DHL Freight Germany is a German based road forwarding company specialized in domestic and international Groupage, LTL (less-than-truck load) and FTL (full-truck load). For the purpose of this exercise, the analysis should focus only on the domestic groupage business and is based on the status quo as of Q1 2015.
The German groupage network of DHL Freight is operated via approximately 40 terminals. Those terminals function as consolidation points for the linehauls between the terminals and for the last-mile in- and outbound. While the vast majority of linehauls is managed centrally out of three national dispatching centers (in combination with DHL Freight’s domestic LTL and FTL transports), every terminal manages its last-mile distribution and pick-up itself.
According to DHL Global Forwarding, Freight’s former CEO Roger Crook (new CEO has not been appoint yet), DHL Freight’s business model is described as follows: “[…] DHL Freight […] operates asset light, manages transport capacity of Road- […] carriers on behalf of customers and is extremely flexible in adapting operational procedures to customer specific needs. This includes full end to end management of logistic solutions.”1
Despite highlighting the flexibility of the solutions and the promise of customer-tailored services, the operating model of DHL Freight Germany is focused on efficiency. In recent years, most business initiatives aimed for standardization and centralization.
Centralization: the overarching trend during the last couple of years has been to centralize many administrational and operational tasks. This shift had a significant impact on Freight’s organizational setup. Many functions that were located historically within the terminals were moved to corporate headquarters. Employees were either relocated to the headquarters or reporting lines were changed to headquarter based functions. In this case the employees remained physically within the terminal, but received their work instructions from a central function. One important example for a function that was centralized is the department that sets process standards and manages operations within the terminal. The consequence was that not the terminal manager, who manages most customers and a day-to-day basis, designed the processes, but a headquarter function.

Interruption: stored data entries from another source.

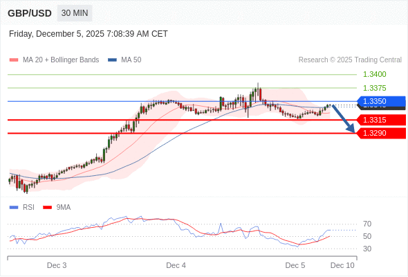 在 1.3350 之下,看跌,目标价位为 1.3315 ,然后为 1.3290 。
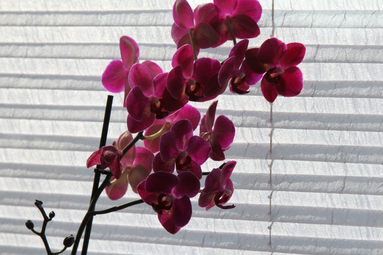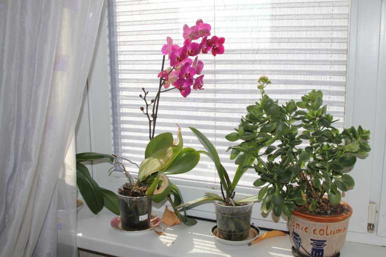 Вот не пойму я ее, я в них вообще не разбираюсь. Она стояла подальше от окна года 3-4, и не цвела, ( в комнате всегда много солнца) Весной я ее переставила на окно, при этом закрыла шторки плиссе, чтобы рассеять свет. так она зараза цветет во всю, но при этом листики помирают. Может она просто скидывает листики на время цветения?
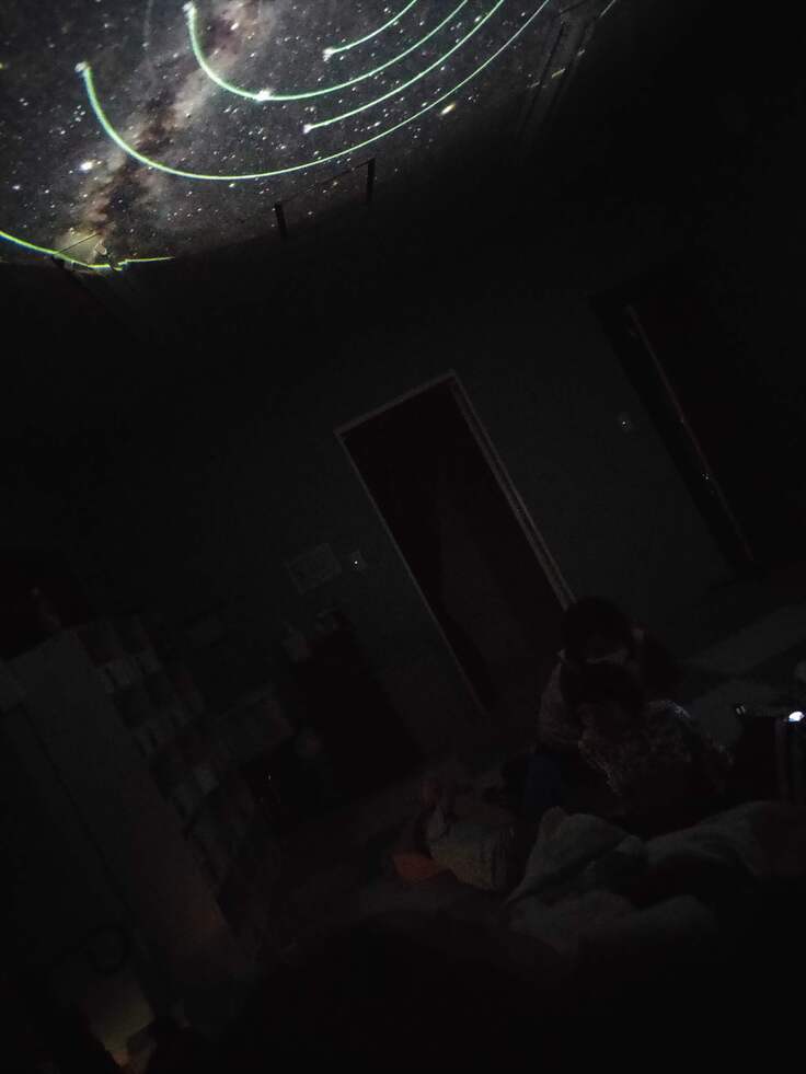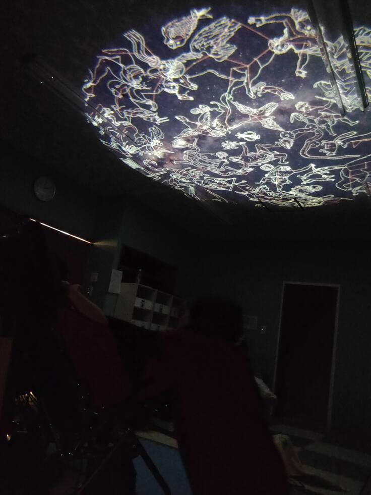 「フライングプラネタリウム」とは、天井に投影できるプロジェクターを使用して、いつでもどこでも星空を体験することができるプログラムです。
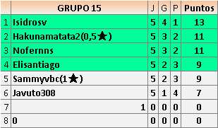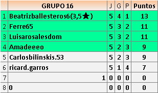 Deja un comentarioEn está página se irán publicando los resultados de las diferentes partidas, siendo ambos jugadores responsables de subirlos o de comprobar que ya hayan sido publicados insertando un COMENTARIO en la parte inferior de la pantalla (opción “Deja tu comentario”), indicando el nombre de los dos jugadores y los puntos obtenidos en la partida.
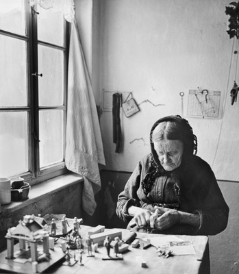 Auguste Müller wurde als Tochter eines Spielzeugmachers und Drechslers in eine arme Familie hineingeboren. Sie arbeitete zunächst als Spielzeugmacherin ohne formelle Ausbildung und fertigte vor allem die üblichen Massenprodukte an. Ein späteres Foto zeigt sie beispielsweise bei der Ablieferung eines Kartons voller Schachfiguren. Vermutlich zu Beginn des 20. Jahrhunderts begann sie jedoch, neben ihrem Broterwerb auch kleine Schnitzarbeiten aus Holzresten herzustellen. Diese Figuren und Figurengruppen waren stets mit kleinen handschriftlichen Zetteln versehen, auf denen sie ihre eigenen Interpretationen und Kommentare zu den dargestellten Szenen hinterließ.
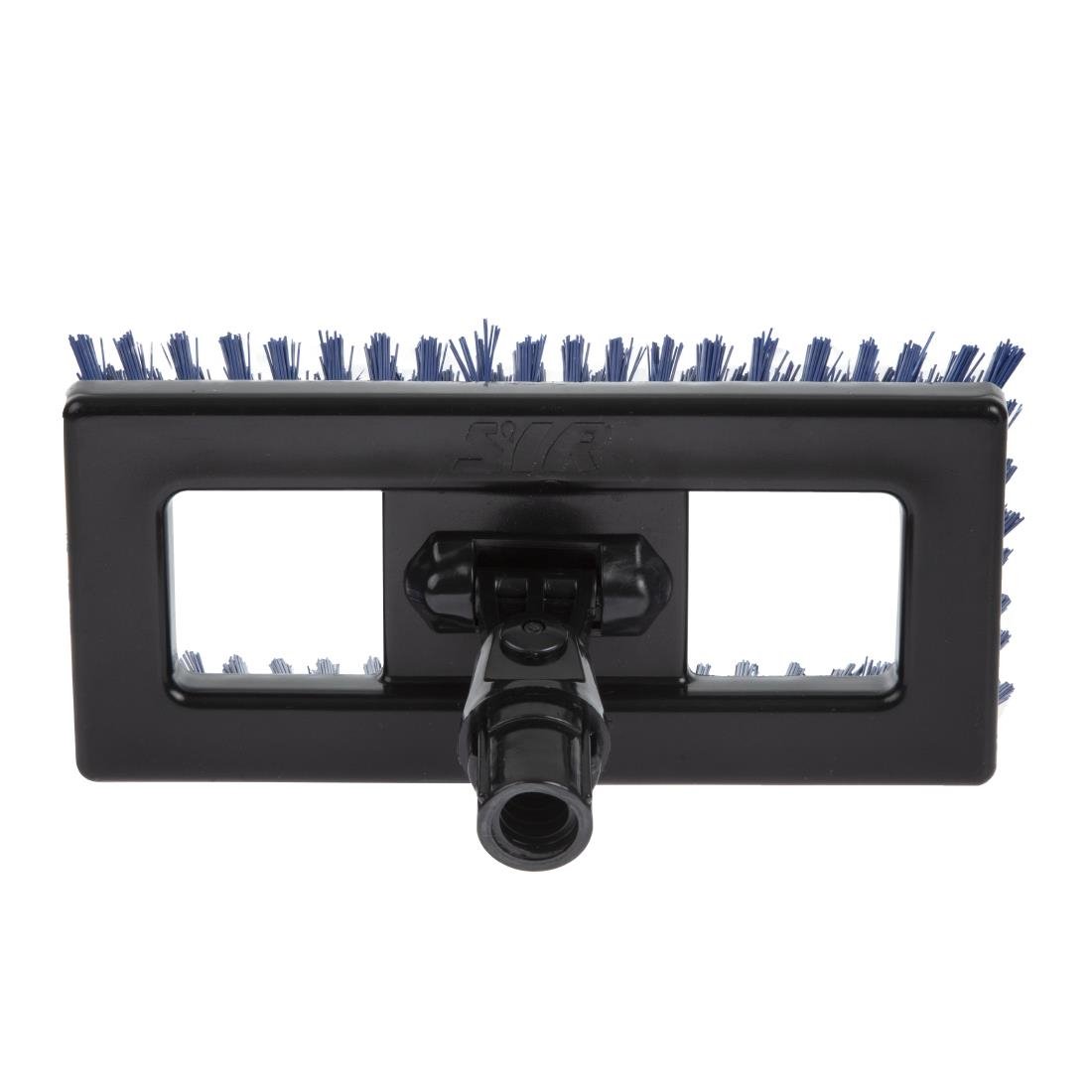 The deck scrubber features a durable polypropylene base and stiff bristles, designed for effective cleaning.
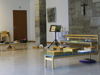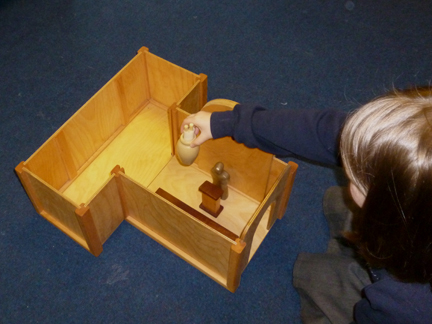 Setting up a Godly Play Room![]() Very few churches (if any!) will be in the position of being able to afford to equip an entire Godly Play room instantly from scratch. What follows is based on our experiences of setting up Godly Play in our own churches and other settings. Although in places we suggest some alternatives, we believe it is worth buying the authentic materials when you can afford them. It is also a good idea to attend an introductory training day so as to understand the thinking and ethos behind Godly Play. Stage 1: Trying it out![]() Setting:It is important to set the right atmosphere for Godly Play. If you are setting up in a large space (for example a church hall) you might like to use screens to create a more focused space, or arrange tables in a semi-circle. If you are doing it in a cluttered room, we find it is helpful to throw sheets over the clutter to reduce the "busyness" of the room. Behind the storyteller there should be a focus table with a nativity set, candle, Good Shepherd and sheep. If possible use a plain wooden nativity; the baby needs outstretched arms and to be separate from the manger. If you can, have a poster or figure of the Risen Christ behind the nativity scene. ![]() Stories:We would suggest the Creationcards (which can be made at home) and theParable of the Good Shepherd.The two dimensional figures of the Good Shepherd and sheep can also be made at home, coloured and laminated. The golden parable box can be made from a shoebox and covered in gold paper. Felt for the underlay, water, sheepfold and places of danger can usually be bought locally. Response materials:Paper and card in different colours; pens, pencils, crayons,and felt tips; paints; glue and scissors; playdough or salt dough. Stage 2: Starting outSetting:In an ideal world we would all have a dedicated room, permanently set out with Godly Play materials. The reality is that many of us do Godly Play in places that are used for other things. Some of us may be lucky enough to have cupboard space but for others it is a case of loading crates and boxes and storing everything at home. Between us, we have done Godly Play in dedicated rooms, church, classrooms, staffroom, school and church halls, school library and cloakrooms. Some of these places have no natural lighting and some have no running water... What makes sacred space? In this photograph (courtesy of Storyteller at Wonderful in an Easter kind of way) the furniture has been moved to create a more intimate area. The focus shelf has been aligned with the cross on the wall and the other benches used for the golden parable boxes and the baskets of stories. Orientation can make a difference: I once rotated the setting to face the opposite wall and was amazed at how much calmer and more focused the children became. ![]() Stories:At this stage our first choice would be to add the desert boxand thepeople of God, which enable you to tell many of the stories in Book 1 including The Great Family, Exodus and Exile and Return.The Ten Best Ways to Liveis a desert box story that can be made by buying a heart shaped cardboard box, painting it red and making your own cards.We use under bed storage trays bought from our local DIY store. These have the advantage of being on wheels so can be moved easily. Play sand can be bought from most toy departments and shops and even from supermarkets. We have also experimented with using a sand bag, which is useful if you have nowhere to store a desert box. ![]() We would also include the Flood and the Ark; while the Godly Play set is relatively expensive you may be able to find a set that is suitable for telling the story.The rest of the parables: The Good Samaritan, the Mustard Seed, the Great Pearl, the Sower and the Leavencould now be added. Again, these can be made at home by colouring and laminating the pieces.The Advent cardsare easy to make at home. Frankincense and myrrh can often be bought locally (especailly at Christmas time) for telling the story ofEpiphany.![]() The Baptismset can be put together by using a cheap baby doll and buying jugs and basins from charity shops or bric a brac stalls.The cards for the Circle of the Holy Eucharistcan be made at home and adapted to your own service.Response materials:You might like to add clay and artists pastels to your existing art materials. Coloured pieces of material, shiny paper and sequins are useful for creating collages. Stage 3: Establishing a Godly Play room![]() This was the time when we started buying the authentic Godly Play materials. We would suggest Jerusalem and Bethlehem, the Holy Family, the Liturgical Clock Circle of the Church Year, Jonahand theGood Shepherd and the World Communion.You might also like to replace homemade parable figures with the wooden 2 -dimensional ones. Our Faces on the Wayseries for Lent was painted by a member of the congregation but they can be bought from a Godly Play supplier, as can the series of pictures for the story ofPaul.Response materials:We added wooden blocks of different shapes and sizes at this stage. You might also like to include woodworking tools and different pieces of wood. Stage 4: Developing Godly Play![]() Not all of us have reached this stage! This would be the time to save up for the expensive items: Synagogue and Upper Room, the TabernacleandThe Temple.You might also like to collect the items for the stories of the Old Testament characters and the Prophets from Book 6 and the stories of the Saints from Book 7, many of which can be home made. It is worth remembering that several diocesan resource offices (in the Church of England) and some churches have Godly Play sets available to borrow or share, so you don't have to buy everything yourself. |

Another example of centralization was the creation of national dispatching centers. Before, every terminal was planning its long-distance traffic itself, while now the national dispatching centers plan for all terminals centrally. Besides considering historical data, every terminal reports daily its demand in order for the national dispatching centers to do the planning. This centralization is aimed to achieve significant synergies on capacity and resource utilization. But the terminals partially lose their flexibility to react on unforeseen customer needs.

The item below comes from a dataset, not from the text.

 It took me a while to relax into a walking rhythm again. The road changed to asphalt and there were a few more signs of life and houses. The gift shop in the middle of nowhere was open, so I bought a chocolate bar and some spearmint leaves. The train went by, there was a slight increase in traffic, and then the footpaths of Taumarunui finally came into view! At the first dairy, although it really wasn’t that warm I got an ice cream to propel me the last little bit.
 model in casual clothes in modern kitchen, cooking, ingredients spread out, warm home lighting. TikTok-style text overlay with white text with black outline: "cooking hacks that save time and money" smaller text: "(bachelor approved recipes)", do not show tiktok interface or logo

Standardization: the higher degree of centralization is closely connected to more standardization. One highly visible effort was the introduction of a fixed schedule for departures of linehauls and a strict penalty system, if terminals do not comply. Those fixed schedules have without doubt a positive impact on efficiencies (better predictability, less waiting-time, etc.), yet it limits the terminal’s flexibility to react on customer demands.
The implementation of the national dispatching centers is also a major lever for standardization. Due to the changes in the planning process, every terminal has pre-defined cut-off times at which they have to report the capacity demand to the dispatching centers. Every customer request that gets known only after those cut-off times cannot or only with huge additional effort be executed.

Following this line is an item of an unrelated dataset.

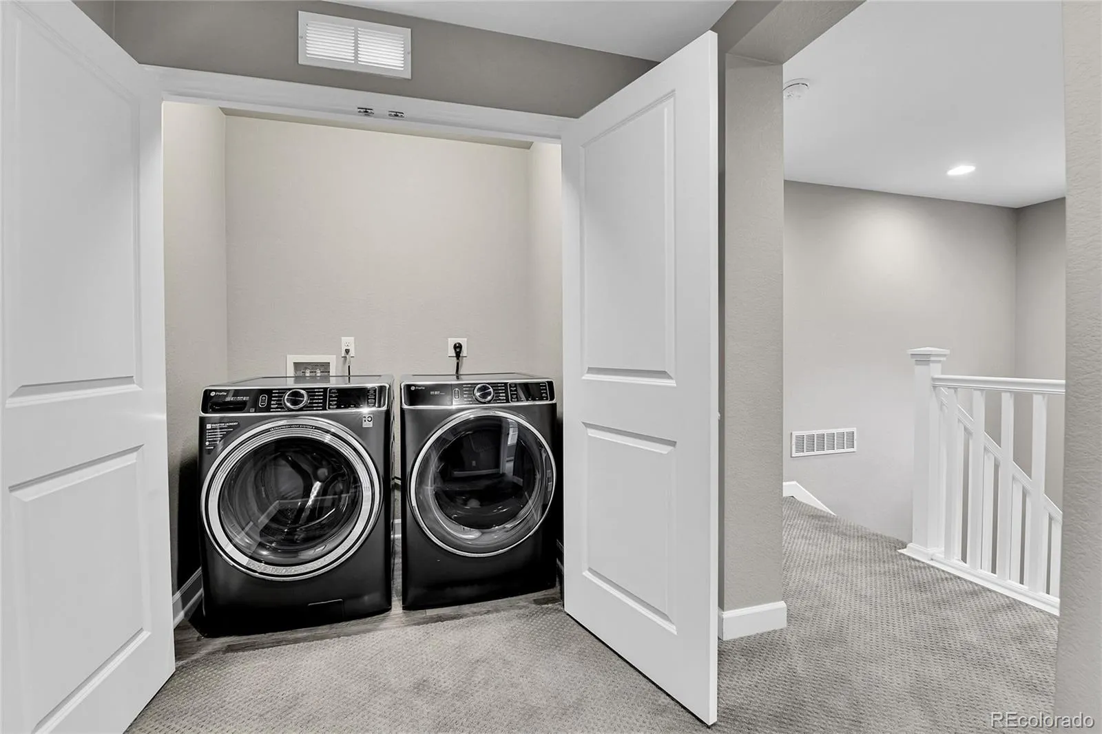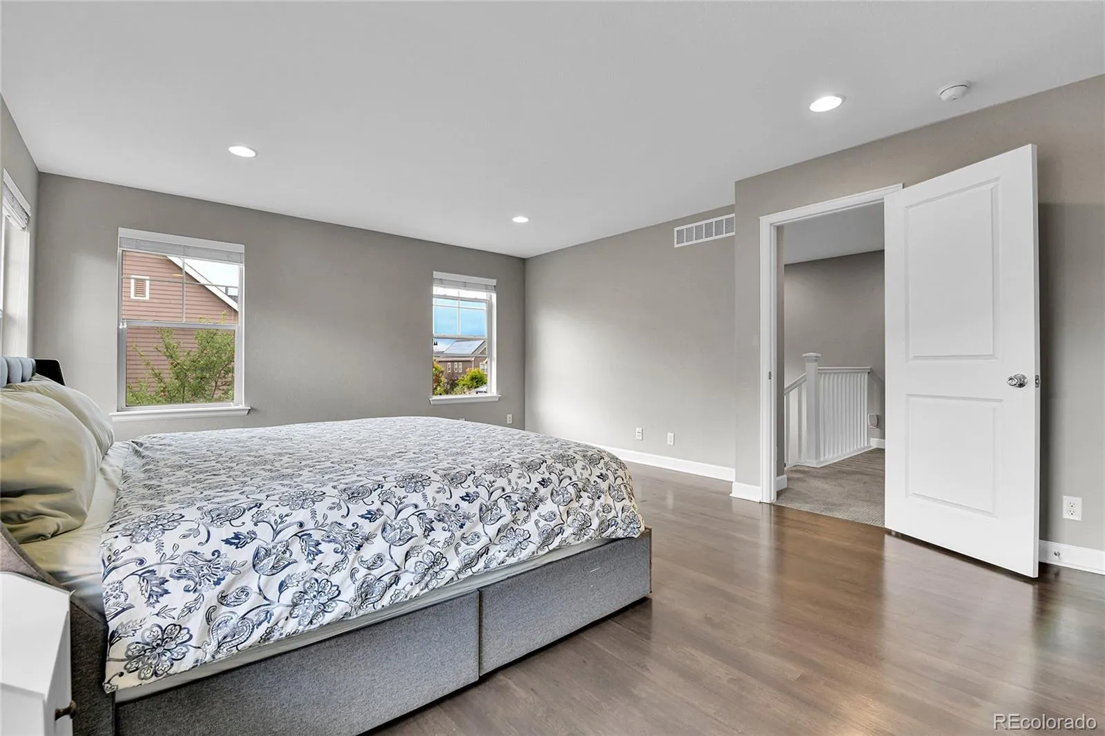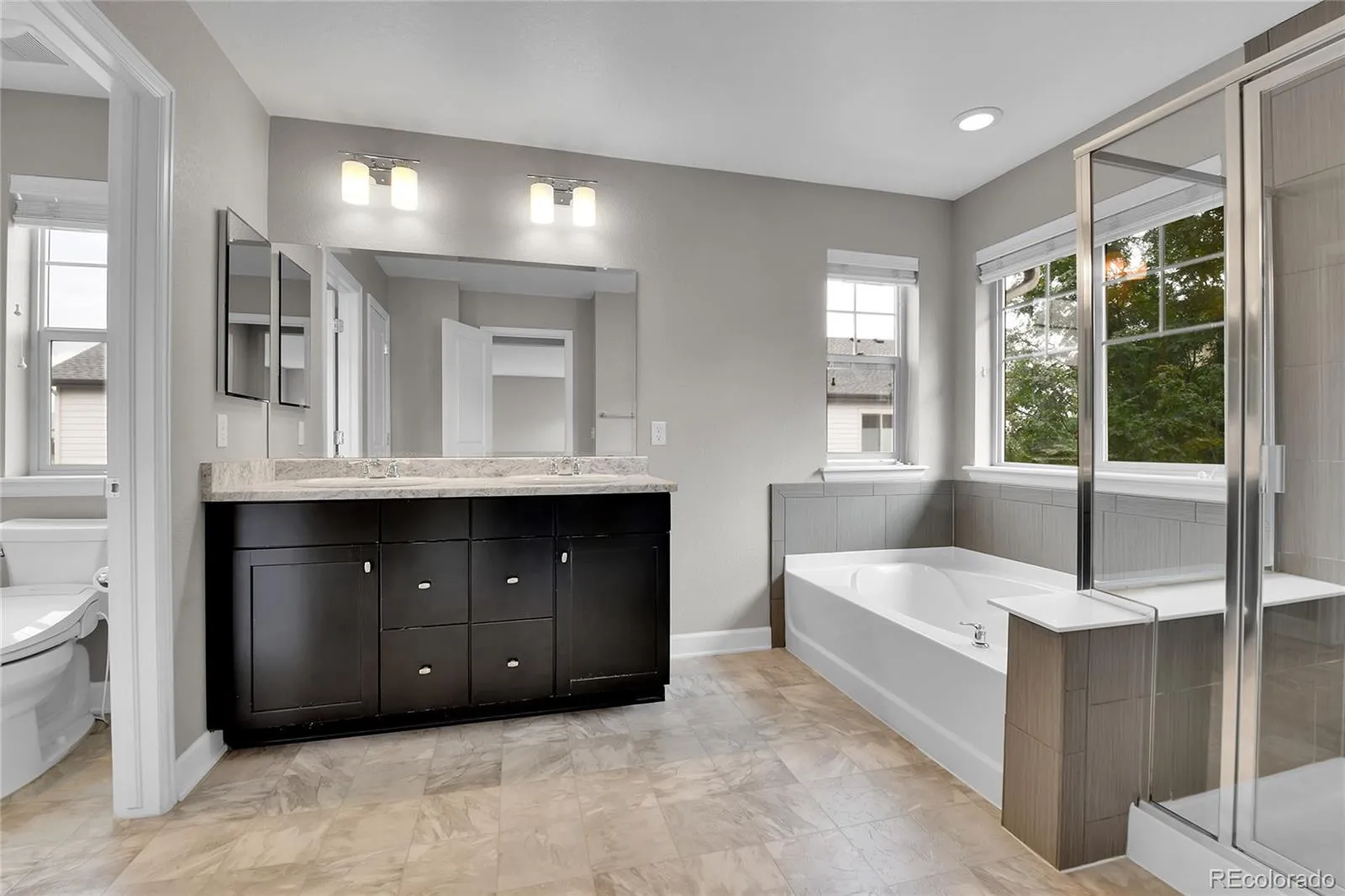 Upstairs, the primary suite delivers comfort and space with two walk-in closets, dual vanities, and a spa-like shower. Two additional bedrooms and a bath share the level, each bright and inviting.

All-in-all those changes are focused on efficiency and creating a lower cost base through leveraging scale and standards. This itself might be – correctly executed – a promising operating strategy. Yet in this case the issue is that the business model and customer promise is not focused on a low-cost/ low-price strategy, but rather on differentiation by being highly flexible and providing customer-tailored solutions. An additional problem is that all those changes shifted the operational responsibility and authority away from the terminals to headquarters. However the ability to react flexible on customer demands sits mostly within the terminals. This operating model basically prevents that the business can execute the business model. Management does not give Operations the tools to deliver customer focused and highly flexible services.
1) http://www.dhl.com/en/about_us/company_portrait/our_organization.html (12/5/2015, 12:34pm)
As someone with little to no background in logistics, it is still clear to me after reading your post that DHL’s business and operating models are definitely in conflict. If the customer promise is flexibility but the local terminals have no power to deliver this promise, as you note, things will begin to break down. It seems that DHL must chose either to revise its customer value proposition or allow more autonomy at the terminal level. In this case, it seems as though the most realistic solution would be to re-position the company as a low-cost, reliable carrier versus one that caters to their every need. Maybe it is possible to have both? It seems they should definitely standardize and centralize the operations for the longer, higher capacity line hauls, but might they also offer flexibility and customized routes and cutoffs for customers with significant volume of their own?